Gift Nifty Indicates Weak Opening for Markets After Iran Strait of Hormuz Attack
Authored By HDFC SKY | Last Modified: Jul 8, 2026 10:02 AM IST

Mumbai, July 8: Indian markets may open lower on Wednesday tracking fresh risk-off moves after Iranian Strait attacks lifted crude oil prices even as Asian benchmarks moved with gains for most part.
Gift Nifty was trading down 19 points at 24,232.50, indicating a weak start for Nifty 50 after Tuesday’s choppy session snapped four straight days of gains.
US launched fresh airstrikes on Iran on Tuesday evening, Reuters reported. On Tuesday, American forces struck more than 80 targets in Iran, including over 60 small boats belonging to Iran’s Islamic Revolutionary Guard Corps in retaliation for Iranian attacks on three commercial tankers in the Strait of Hormuz overnight.

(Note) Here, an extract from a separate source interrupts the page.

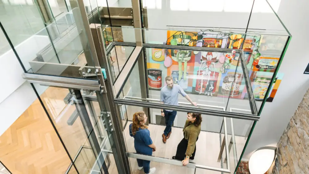 Музей LAM известен тем, что демонстрирует свою международную коллекцию не только на стенах и пьедесталах, но и в необычных местах. Банки Лаве были выставлены внутри стеклянной шахты лифта музея, как будто их оставили рабочие после ремонта.

Washington also announced it is revoking Iran’s license to sell oil abroad, dealing a direct blow to a tentative ceasefire agreed last month between the two countries.
Also Read: What Is GIFT Nifty?
Local media on Wednesday reported explosions near oil facilities on Kharg Island, where Iran exports most of its crude, as well as Qeshm Island and at two ports, Sirik and Bandar Abbas. With oil infra being attacked this time too, concerns are mounting that the US-Iranian ceasefire called off last month may not hold at all.
Oil Prices
Oil prices on Wednesday are heading sharply higher as mentioned above. Brent crude futures rose 1.9 per cent to 75.54 dollars per barrel while US West Texas Intermediate gained an identical 1.9 per cent to 71.81 dollars a barrel after rising as much as 2.5 per cent earlier in the session, building onto a 2.9 per cent rally seen on Tuesday after sanctions against Iran were reimposed. “Even assuming that shipping traffic returns to somewhere near pre-war levels (some Iranian vessels will likely continue to stay in port indefinitely) it seems plausible that shipping disruption will continue to provide some support to prices even as the market abruptly switches from pricing a very large oil surplus into now presumably pricing a deficit,” said Stephen Innes, Head of Asia Pacific Currency Trading at AxiTrader. India, which is a large net importer of crude oil, faces inflationary pressures and widening trade deficit if oil prices sustain higher levels for long.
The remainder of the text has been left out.